Task prompt:
Going down the listing below, print exactly each line from the one with "2月4日,中共安徽省委办公厅" up to and including the one with "circa 1875, the", and skip the rest.

Records to process:
_ _ _ _ _

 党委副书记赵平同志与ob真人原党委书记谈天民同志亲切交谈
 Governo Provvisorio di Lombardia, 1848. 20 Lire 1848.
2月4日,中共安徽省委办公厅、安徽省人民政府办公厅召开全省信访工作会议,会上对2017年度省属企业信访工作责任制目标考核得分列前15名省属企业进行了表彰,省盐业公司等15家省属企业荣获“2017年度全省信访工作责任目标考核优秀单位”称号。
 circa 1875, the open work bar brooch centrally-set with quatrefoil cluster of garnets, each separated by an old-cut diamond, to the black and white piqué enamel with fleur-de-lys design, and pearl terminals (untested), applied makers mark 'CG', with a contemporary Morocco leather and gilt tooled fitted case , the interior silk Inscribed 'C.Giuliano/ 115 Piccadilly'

_ _ _ _ _

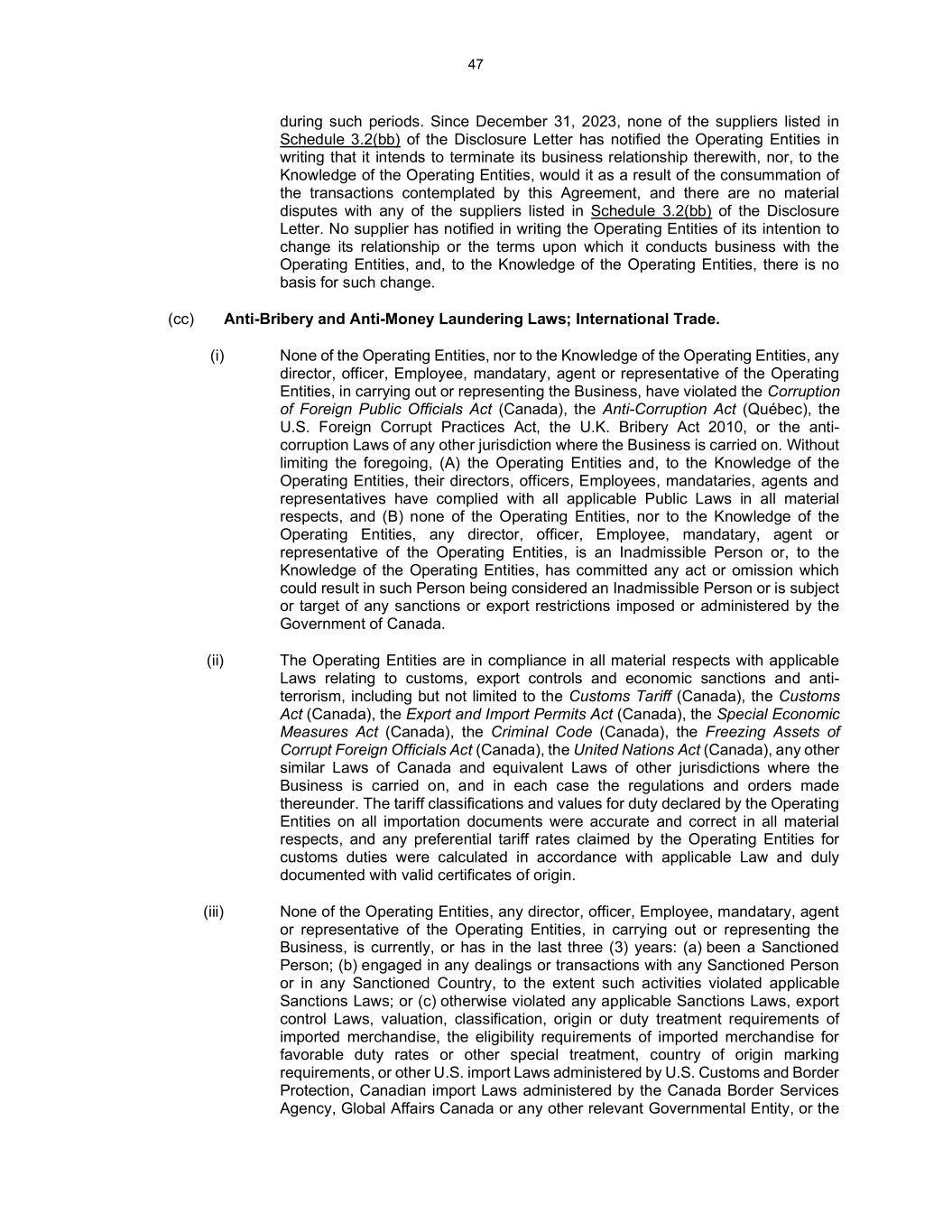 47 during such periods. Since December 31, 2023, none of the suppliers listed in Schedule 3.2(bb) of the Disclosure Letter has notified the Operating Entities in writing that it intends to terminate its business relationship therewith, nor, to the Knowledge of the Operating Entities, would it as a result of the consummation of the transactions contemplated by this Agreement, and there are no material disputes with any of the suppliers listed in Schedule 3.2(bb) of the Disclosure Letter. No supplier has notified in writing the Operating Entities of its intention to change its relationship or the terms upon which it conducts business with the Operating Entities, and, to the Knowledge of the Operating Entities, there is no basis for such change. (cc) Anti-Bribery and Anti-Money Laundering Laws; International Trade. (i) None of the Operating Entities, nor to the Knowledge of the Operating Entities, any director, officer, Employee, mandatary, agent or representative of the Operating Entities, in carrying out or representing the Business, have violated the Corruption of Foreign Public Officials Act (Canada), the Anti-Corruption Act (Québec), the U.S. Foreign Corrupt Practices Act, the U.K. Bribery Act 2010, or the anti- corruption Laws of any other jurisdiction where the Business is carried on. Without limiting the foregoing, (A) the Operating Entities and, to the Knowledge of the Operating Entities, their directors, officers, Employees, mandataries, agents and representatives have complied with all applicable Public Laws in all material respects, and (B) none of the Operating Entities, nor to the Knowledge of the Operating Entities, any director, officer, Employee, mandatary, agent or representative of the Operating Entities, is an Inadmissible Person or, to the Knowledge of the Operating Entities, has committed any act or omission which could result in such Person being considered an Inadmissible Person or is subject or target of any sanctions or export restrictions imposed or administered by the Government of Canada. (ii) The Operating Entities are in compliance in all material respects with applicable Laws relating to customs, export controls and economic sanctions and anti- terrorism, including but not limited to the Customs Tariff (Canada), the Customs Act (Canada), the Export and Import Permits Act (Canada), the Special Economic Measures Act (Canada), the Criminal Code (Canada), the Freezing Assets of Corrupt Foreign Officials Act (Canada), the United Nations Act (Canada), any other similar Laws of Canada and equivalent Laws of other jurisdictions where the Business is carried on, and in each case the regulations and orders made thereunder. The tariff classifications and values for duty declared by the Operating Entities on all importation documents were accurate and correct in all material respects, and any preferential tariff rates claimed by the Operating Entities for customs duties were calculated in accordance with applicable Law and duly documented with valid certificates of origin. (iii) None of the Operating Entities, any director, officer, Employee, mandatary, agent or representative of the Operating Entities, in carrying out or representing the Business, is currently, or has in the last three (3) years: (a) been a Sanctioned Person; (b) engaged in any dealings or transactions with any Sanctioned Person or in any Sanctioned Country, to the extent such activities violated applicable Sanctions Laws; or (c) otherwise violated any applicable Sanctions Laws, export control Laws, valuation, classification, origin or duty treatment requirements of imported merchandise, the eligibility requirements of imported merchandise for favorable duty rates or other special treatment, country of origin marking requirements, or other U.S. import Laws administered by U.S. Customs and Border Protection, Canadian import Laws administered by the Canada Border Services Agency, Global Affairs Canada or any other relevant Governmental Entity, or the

_ _ _ _ _

Response box:
2月4日,中共安徽省委办公厅、安徽省人民政府办公厅召开全省信访工作会议,会上对2017年度省属企业信访工作责任制目标考核得分列前15名省属企业进行了表彰,省盐业公司等15家省属企业荣获“2017年度全省信访工作责任目标考核优秀单位”称号。
 circa 1875, the open work bar brooch centrally-set with quatrefoil cluster of garnets, each separated by an old-cut diamond, to the black and white piqué enamel with fleur-de-lys design, and pearl terminals (untested), applied makers mark 'CG', with a contemporary Morocco leather and gilt tooled fitted case , the interior silk Inscribed 'C.Giuliano/ 115 Piccadilly'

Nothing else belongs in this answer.